Avatar Gouloudrouioul
Gouloudrouioul
Oui je sais bien, pas de souci :D (au contraire même !)

Avatar yannick511
yannick511
Garulfo je ne pense pas qu'i faut comparer chaque scène de cette série avec chaque chapitre du livre car là c'est sûr tu vas aller de déception en déception. Il n'y a jamais mieux que l'original. Tu as eu la malchance de lire les livres et d'autres la chance de ne pas l'avoir fait.
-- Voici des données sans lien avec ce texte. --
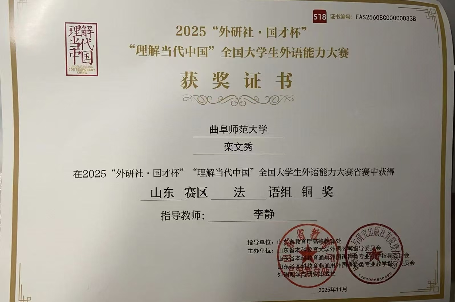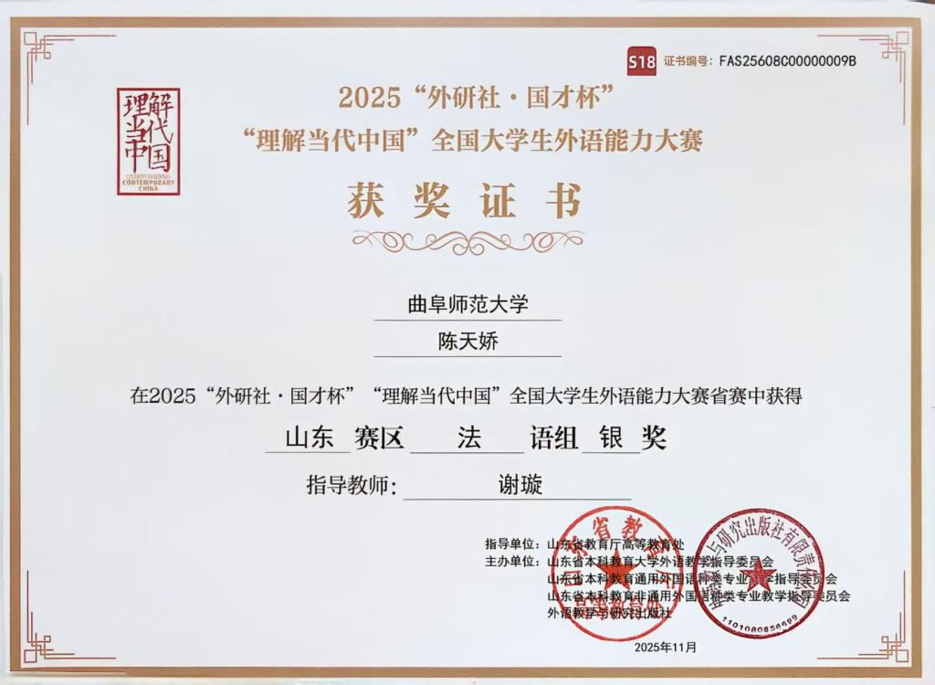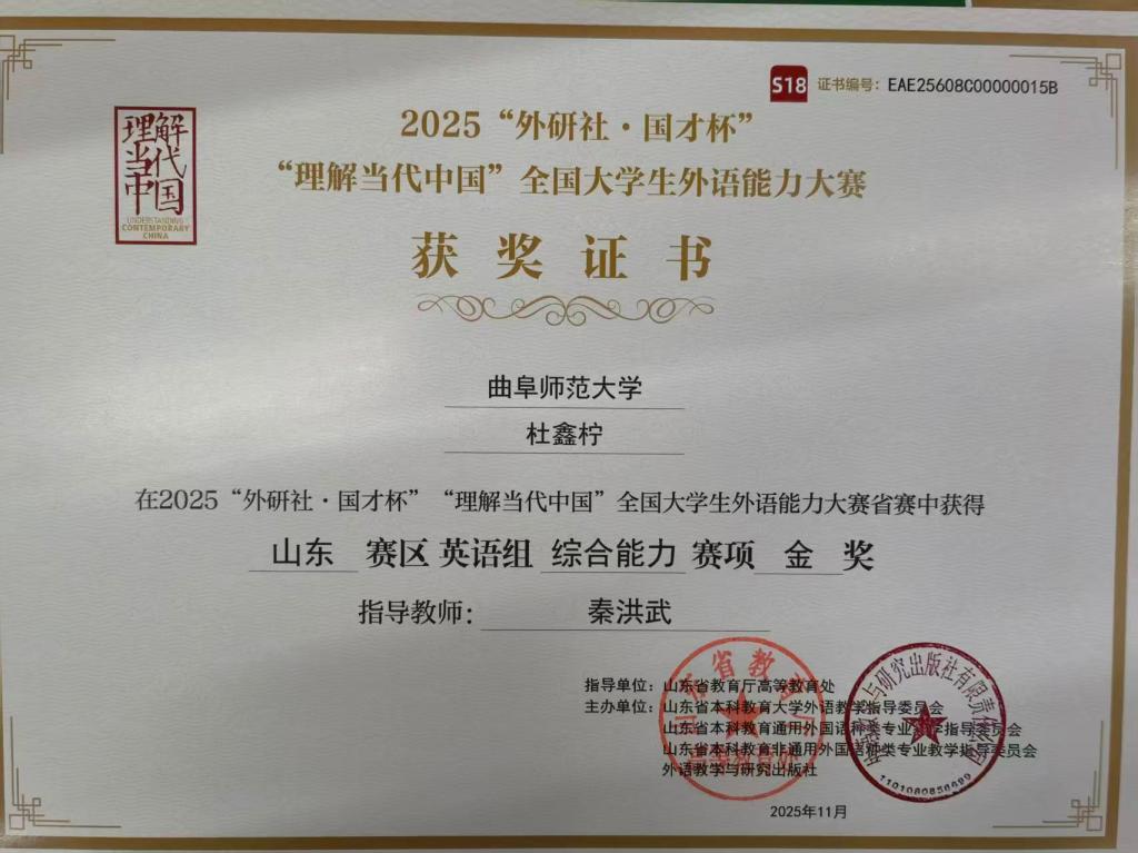 近日,2025“外研社·国才杯”“理解当代中国”全国大学生外语能力大赛山东省省赛顺利举行,来自全省各大高校的学生参加本次比赛,经过激烈的角逐,av中文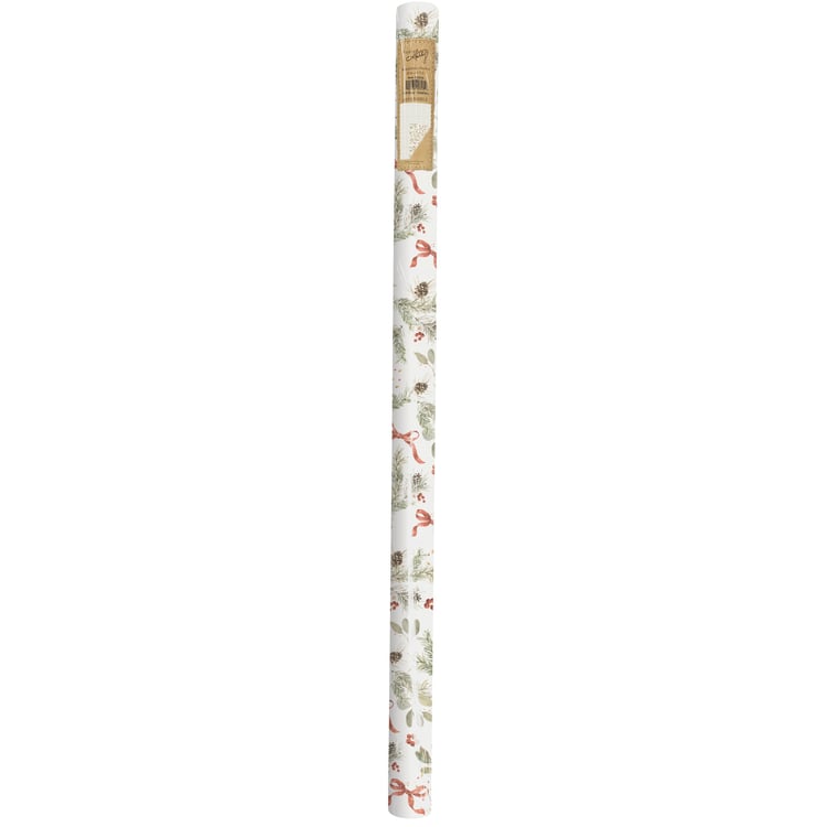 A double-sided roll of gift wrap from our Christmas Collection displaying a pattern of winter greenery and red bows on one side and a gray gingham pattern on the other side for multiple gifting options. Seasonal gift wrap designs are replicated from original art hand painted in a delicate watercolor style. Our Greenery gift wrap includes 9.75 feet of seasonal wrapping paper on a 30 inch cardboard roll and shrink wrapped with a sticker label displaying the reversible designs for easy store display. A lovely Christmas gift accessory perfect for seasonal gifting.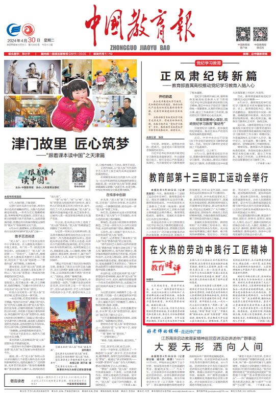 党委副书记袁志成在《中国教育报》头版发表评论员文章:在火热的劳动中践行工匠精神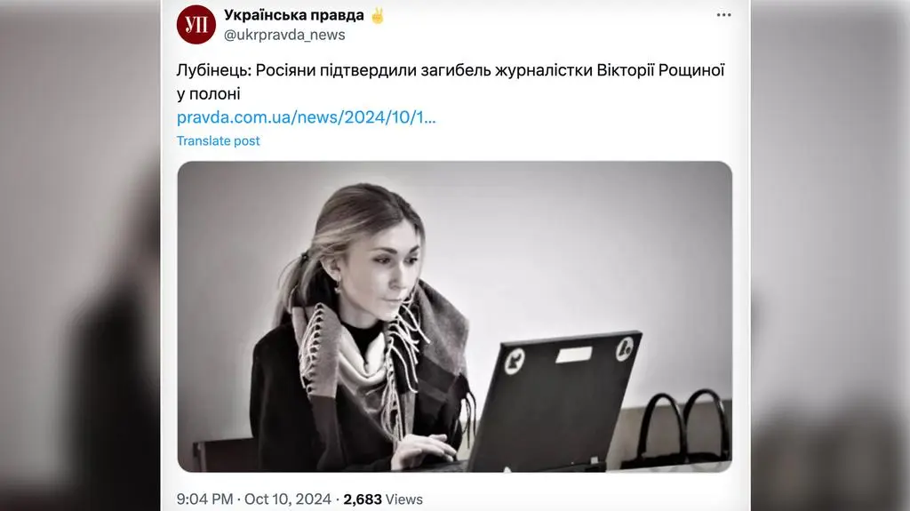 Nie żyje ukraińska dziennikarka Wiktoria Roszczyna (10.2024)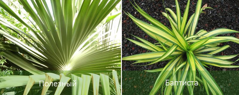 | Местоположение/осветление | Прозорци с югоизточно и източно изложение. За да се осигури равномерно развитие на листата, палмата понякога се обръща така, че задната ѝ страна да е обърната към светлината. Панданусът предпочита ярка, но индиректна светлина и не понася пряка слънчева светлина. | Поставете близо до прозорец с южно изложение. Необходимо е допълнително осветление; използват се специални флуоресцентни лампи. |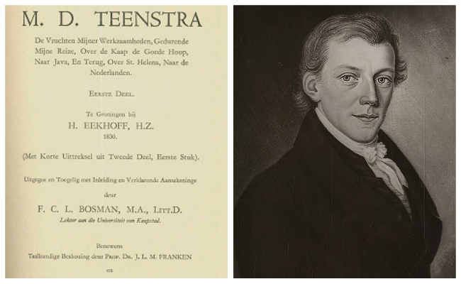 MD Teenstra se fassinerende reisverslag, De vruchten mijner werkzaamheden, gedurende mijne reize over de Kaap de Goede Hoop, naar Java en terug, over St Helena, naar de Nederlanden (1830), wat in 1943 deur die Van Riebeeck-Vereniging uitgegee is, is op aanvraag pas herdruk. Vir mense wat belangstel in die geskiedenis van Afrikaans is die publikasie van besondere belang, want dit sluit Teenstra se weergawe in van sy gesprek met ’n Caledonse boer en sy vrou, tesame met sy kommentaar op die vervormde Nederlands wat aan die Kaap gepraat word. Die publikasie bevat ook ’n indringende taalkundige beskouing deur JLM Franken oor die Afrikaanse gesprek. Die samespraak is een van die heel oudste geskrifte in Afrikaans. Die herdruk kos R235 vir lede van HiPSA (Historiese Publikasies Suider-Afrika, vroeër die Van Riebeeck-Vereniging) plus R50 posgeld. Vir nie-lede van HiPSA is die prys R285 plus R50 posgeld. Dit kan bestel word deur 'n e-pos te stuur (office@hipsa.org.za) of te bel (021-4238424, Woensdae en Vrydae, 10:30–1:30).

Mais c'est bien une série télé que l'on est en train de contempler et je pense qu'il faut le faire comme tel, et non pas comme une comparaison avec un livre.

Avatar pihug12
pihug12
Pourquoi les Dothrakis traversent tout le désert vers l'est (pour arriver à Qarth), alors qu'ils souhaitent récupérer le trône de fer à l'ouest ? J'ai peut-être raté les explications, mais j'ai l'impression qu'ils évoluent à l'aveugle.

Avatar Gouloudrouioul
Gouloudrouioul
Je pense que c'est parce qu'ils n'ont plus aucune ressource pour aller à l'ouest et qu'ils sont donc obligés de faire une halte à Qarth pour rester en vie.

Avatar CaptainFreeFrag
CaptainFreeFrag
Jorah Mormont l'explique dans le premier épisode : s'ils vont à l'Ouest, ils ont toutes les chances de tomber sur un khal qui réduirait leur petite troupe à néant ou à l'esclavage. Pas cool pour la Mère des Dragons !

Avatar pihug12
pihug12
Mais quel serait l'intérêt des khals à se combattre entre eux ? Les Dothrakis n'ont-ils pas un même "but" commun ? Bravo pour les quatre premières critiques au passage. J'ai pris beaucoup de plaisir à les lire.